§ **DATA EXTRACT**:
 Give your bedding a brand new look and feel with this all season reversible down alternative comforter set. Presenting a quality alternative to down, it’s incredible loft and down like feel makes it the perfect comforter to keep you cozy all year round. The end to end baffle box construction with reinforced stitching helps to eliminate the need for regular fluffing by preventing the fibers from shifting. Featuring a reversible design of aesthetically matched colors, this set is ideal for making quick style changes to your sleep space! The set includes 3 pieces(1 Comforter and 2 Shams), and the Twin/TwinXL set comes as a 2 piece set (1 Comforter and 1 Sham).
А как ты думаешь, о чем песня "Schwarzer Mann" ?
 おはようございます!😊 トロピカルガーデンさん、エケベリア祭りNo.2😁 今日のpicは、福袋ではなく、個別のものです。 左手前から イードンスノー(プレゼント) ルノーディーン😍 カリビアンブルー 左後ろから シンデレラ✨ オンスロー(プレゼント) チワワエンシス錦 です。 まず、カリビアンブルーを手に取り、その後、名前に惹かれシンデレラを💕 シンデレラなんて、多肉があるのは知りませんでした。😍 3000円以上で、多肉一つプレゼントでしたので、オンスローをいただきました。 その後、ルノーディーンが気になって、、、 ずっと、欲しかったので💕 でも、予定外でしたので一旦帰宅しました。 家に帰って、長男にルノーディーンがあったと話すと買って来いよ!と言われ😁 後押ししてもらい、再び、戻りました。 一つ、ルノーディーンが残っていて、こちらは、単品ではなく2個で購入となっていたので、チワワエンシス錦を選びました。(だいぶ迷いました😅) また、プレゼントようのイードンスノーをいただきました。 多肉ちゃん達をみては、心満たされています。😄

---

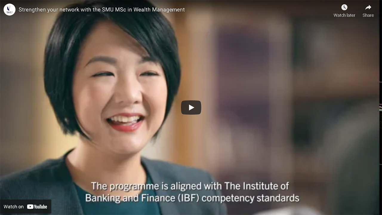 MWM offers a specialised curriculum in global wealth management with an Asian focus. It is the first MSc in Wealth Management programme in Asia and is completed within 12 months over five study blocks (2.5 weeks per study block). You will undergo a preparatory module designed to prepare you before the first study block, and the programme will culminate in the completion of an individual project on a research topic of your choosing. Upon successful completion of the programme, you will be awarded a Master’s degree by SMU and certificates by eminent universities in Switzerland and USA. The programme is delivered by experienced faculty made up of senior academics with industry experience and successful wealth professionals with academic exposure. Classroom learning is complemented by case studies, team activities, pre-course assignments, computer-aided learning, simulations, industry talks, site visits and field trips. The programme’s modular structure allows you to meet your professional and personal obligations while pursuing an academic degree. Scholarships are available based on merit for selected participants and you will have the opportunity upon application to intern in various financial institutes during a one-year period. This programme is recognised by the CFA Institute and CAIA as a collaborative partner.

---

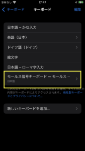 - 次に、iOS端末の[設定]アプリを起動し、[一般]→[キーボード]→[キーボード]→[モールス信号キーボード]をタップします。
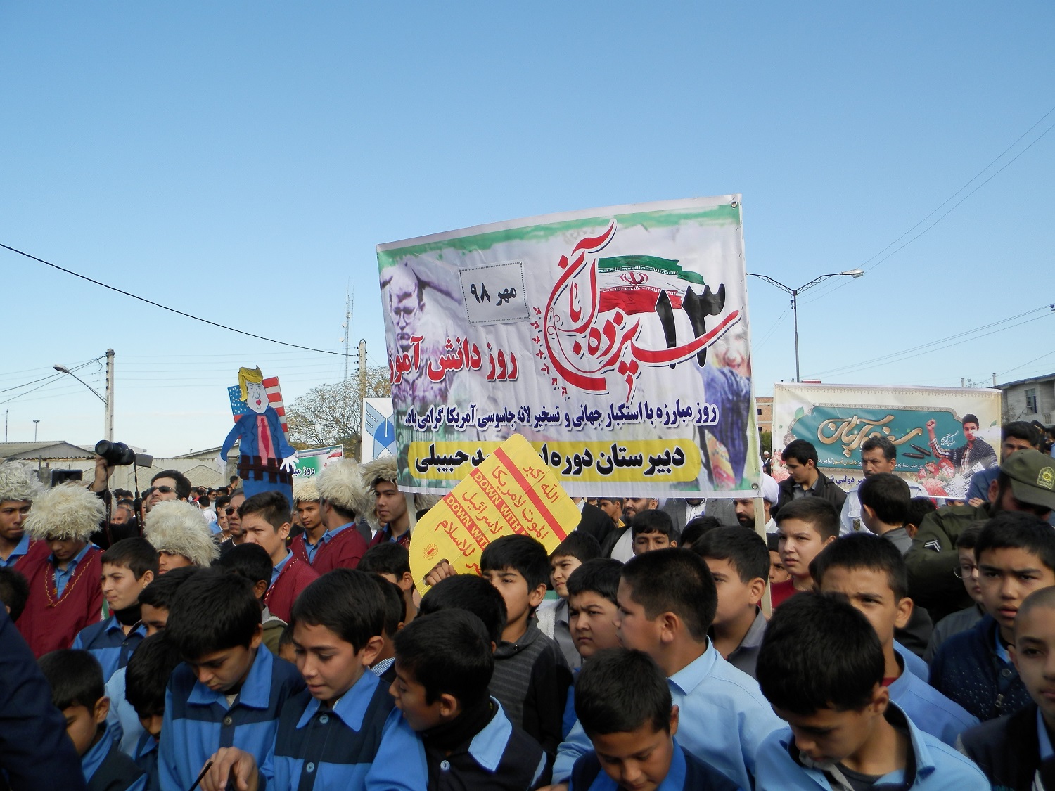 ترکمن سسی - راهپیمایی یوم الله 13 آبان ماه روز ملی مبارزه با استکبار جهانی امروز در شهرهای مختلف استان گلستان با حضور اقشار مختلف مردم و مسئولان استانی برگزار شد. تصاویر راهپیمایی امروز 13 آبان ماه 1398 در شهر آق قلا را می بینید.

§ **EXERCISE DESCRIPTION**: Quote the listing above, but only from the line that shows "Give your bedding" through the line that shows "おはようございます!😊 トロピカルガーデンさん、エケベリア祭りNo.2😁 今日のpicは、福袋ではなく、個別のものです。".

§ **SOLVED PROBLEM**:
 Give your bedding a brand new look and feel with this all season reversible down alternative comforter set. Presenting a quality alternative to down, it’s incredible loft and down like feel makes it the perfect comforter to keep you cozy all year round. The end to end baffle box construction with reinforced stitching helps to eliminate the need for regular fluffing by preventing the fibers from shifting. Featuring a reversible design of aesthetically matched colors, this set is ideal for making quick style changes to your sleep space! The set includes 3 pieces(1 Comforter and 2 Shams), and the Twin/TwinXL set comes as a 2 piece set (1 Comforter and 1 Sham).
А как ты думаешь, о чем песня "Schwarzer Mann" ?
 おはようございます!😊 トロピカルガーデンさん、エケベリア祭りNo.2😁 今日のpicは、福袋ではなく、個別のものです。 左手前から イードンスノー(プレゼント) ルノーディーン😍 カリビアンブルー 左後ろから シンデレラ✨ オンスロー(プレゼント) チワワエンシス錦 です。 まず、カリビアンブルーを手に取り、その後、名前に惹かれシンデレラを💕 シンデレラなんて、多肉があるのは知りませんでした。😍 3000円以上で、多肉一つプレゼントでしたので、オンスローをいただきました。 その後、ルノーディーンが気になって、、、 ずっと、欲しかったので💕 でも、予定外でしたので一旦帰宅しました。 家に帰って、長男にルノーディーンがあったと話すと買って来いよ!と言われ😁 後押ししてもらい、再び、戻りました。 一つ、ルノーディーンが残っていて、こちらは、単品ではなく2個で購入となっていたので、チワワエンシス錦を選びました。(だいぶ迷いました😅) また、プレゼントようのイードンスノーをいただきました。 多肉ちゃん達をみては、心満たされています。😄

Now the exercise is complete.